FORT LAUDERDALE, Fla. — During the company’s investor call this week to discuss fourth-quarter and full-year performance, AutoNation executives made a few predictions for 2014. Officials said they expect industry sales to rise 3% to 5% this year to more than 16 million units. As for the pressure the Consumer Financial Protection Bureau is putting on finance sources to eliminate rate participation, the company’s chief executive said: “… I don’t expect a structural change in the business model.”
Michael Jackson, AutoNation’s chairman and CEO, noted that the company’s F&I operations averaged $1,378 in profit per vehicle retailed, and added that about $500 of that average consisted of compensation from finance sources. He also noted that a few of the company’s 228 stores are testing a compensation model proposed by the National Automobile Dealers Association, a model that calls for management to sign off on all mark downs.
“I call it the Pacifico model,” Jackson said. “I think at the end of the day, though, the [current] business model serves the marketplace, the lenders and us extremely well."
As for his outlook for vehicle sales this year, Jackson said: “We believe that replacement demand, attractive products and strong consumer credit will continue to support sales as we return to the normal selling rate of 16 million units.”
In the fourth quarter, AutoNation posted total revenue of $4.5 billion, an 8% year-over-year increase. Operating income increased 20% to $203 million. For the full year, revenue was up 12% vs. 2012 to $17.5 billion, while operating income increased 15% year over year to $740 million.
“And we grew revenue, gross profit and margins across all business sectors,” noted Michael Maroone, the dealer group’s COO. “We're very proud of this performance.”
AutoNation’s net income for the fourth quarter increased 28% to $102.7 million, with sales of premium luxury new vehicles accounting for 46% of that total. “I’ll note that on a total store basis, our premium luxury segment income increased 28% compared to a year ago, due in part to a lift from new product launches and the resulting shift in mix within the segment,” Maroone said.
Same-store new-vehicle revenue increased $55 million to $2.5 billion. In total, the dealer group retailed 71,149 new vehicles in the fourth quarter, an increase of 465 vehicles. The dealer group also grew new-vehicle gross profit by $9 million to $163 million, while gross profit per new vehicle retailed increased $105 to $2,292.

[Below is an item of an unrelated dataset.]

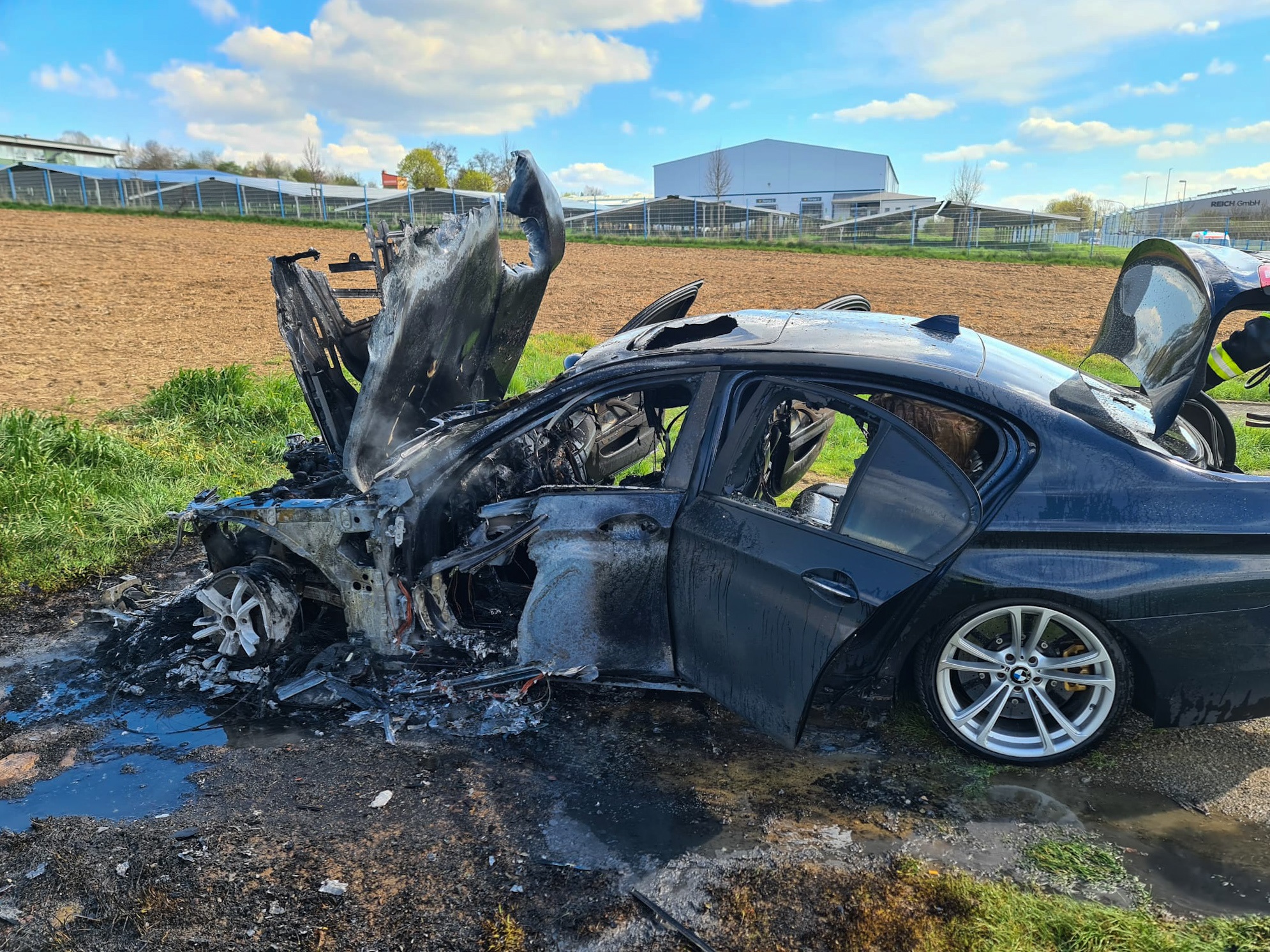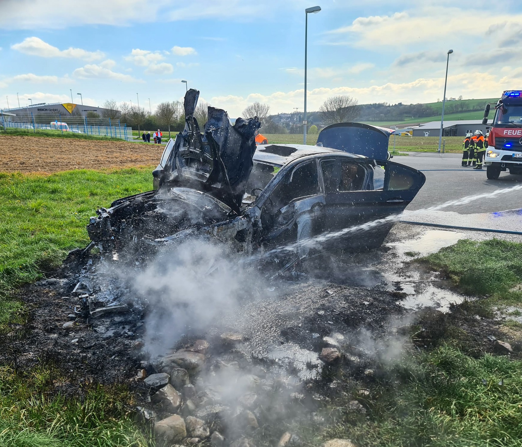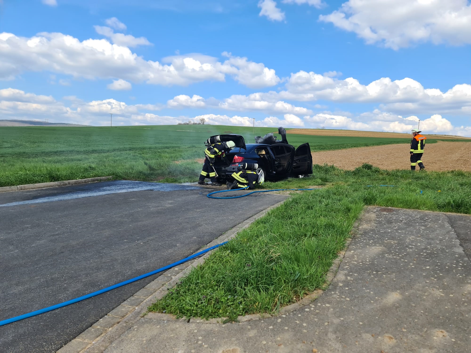 Der PKW stand bei unserer Ankunft bereits in Vollbrand. Wir löschten diesen unter Atemschutz per Schnellangriff.

The dealer group also retailed 47,174 used vehicles in the fourth quarter, up 4,300 units from the year-ago period. “We saw a nice lift in certified pre-owned vehicles retailed in the quarter and continue to work aggressively to acquire used inventory, both internally through increasing appraisals and winning more trades, and externally through our we-buy-your-car guarantee offer program, as well as various third-party partnerships,” Maroone said, adding that used-vehicle revenue totaled $872 million for the quarter, while retail gross profit and gross profit per used vehicle sold increased 12% to $75 million and $27 to $1,598, respectively.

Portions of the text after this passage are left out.